▶ **WORK ORDER**:
Nothing outside the range below should be printed. Output exactly the lines from the line with "According to the" to the line with "Winter Forest Deer", both included.

▶ **RECORDS FOR THE TASK**:
▬▬▬▬▬▬▬▬▬▬

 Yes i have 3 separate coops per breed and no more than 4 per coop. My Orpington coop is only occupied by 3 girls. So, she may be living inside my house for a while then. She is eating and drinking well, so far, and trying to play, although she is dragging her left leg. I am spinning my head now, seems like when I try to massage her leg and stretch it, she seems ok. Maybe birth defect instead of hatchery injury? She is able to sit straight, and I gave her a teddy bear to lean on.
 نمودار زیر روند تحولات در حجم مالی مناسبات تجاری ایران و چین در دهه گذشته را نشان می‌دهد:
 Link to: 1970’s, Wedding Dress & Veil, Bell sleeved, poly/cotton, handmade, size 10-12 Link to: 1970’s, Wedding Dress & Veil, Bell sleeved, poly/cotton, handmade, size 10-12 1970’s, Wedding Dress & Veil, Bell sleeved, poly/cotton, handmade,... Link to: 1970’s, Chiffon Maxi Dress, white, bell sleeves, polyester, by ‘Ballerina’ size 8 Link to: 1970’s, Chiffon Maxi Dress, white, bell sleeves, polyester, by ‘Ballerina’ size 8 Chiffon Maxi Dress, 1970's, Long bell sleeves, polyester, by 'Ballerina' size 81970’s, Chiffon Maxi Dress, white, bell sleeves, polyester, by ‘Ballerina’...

▬▬▬▬▬▬▬▬▬▬

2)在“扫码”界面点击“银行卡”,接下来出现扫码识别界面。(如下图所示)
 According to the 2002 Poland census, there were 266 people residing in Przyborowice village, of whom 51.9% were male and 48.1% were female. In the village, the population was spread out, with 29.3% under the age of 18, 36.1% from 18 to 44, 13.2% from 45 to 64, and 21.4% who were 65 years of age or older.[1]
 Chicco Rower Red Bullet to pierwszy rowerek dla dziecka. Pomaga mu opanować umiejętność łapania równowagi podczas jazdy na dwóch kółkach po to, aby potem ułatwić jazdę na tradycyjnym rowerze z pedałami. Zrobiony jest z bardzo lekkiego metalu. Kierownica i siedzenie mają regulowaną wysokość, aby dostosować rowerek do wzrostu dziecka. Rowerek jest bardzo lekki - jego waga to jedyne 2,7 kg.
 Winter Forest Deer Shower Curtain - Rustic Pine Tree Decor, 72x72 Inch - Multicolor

▬▬▬▬▬▬▬▬▬▬

▶ **WRITTEN RESPONSE**:
 According to the 2002 Poland census, there were 266 people residing in Przyborowice village, of whom 51.9% were male and 48.1% were female. In the village, the population was spread out, with 29.3% under the age of 18, 36.1% from 18 to 44, 13.2% from 45 to 64, and 21.4% who were 65 years of age or older.[1]
 Chicco Rower Red Bullet to pierwszy rowerek dla dziecka. Pomaga mu opanować umiejętność łapania równowagi podczas jazdy na dwóch kółkach po to, aby potem ułatwić jazdę na tradycyjnym rowerze z pedałami. Zrobiony jest z bardzo lekkiego metalu. Kierownica i siedzenie mają regulowaną wysokość, aby dostosować rowerek do wzrostu dziecka. Rowerek jest bardzo lekki - jego waga to jedyne 2,7 kg.
 Winter Forest Deer Shower Curtain - Rustic Pine Tree Decor, 72x72 Inch - Multicolor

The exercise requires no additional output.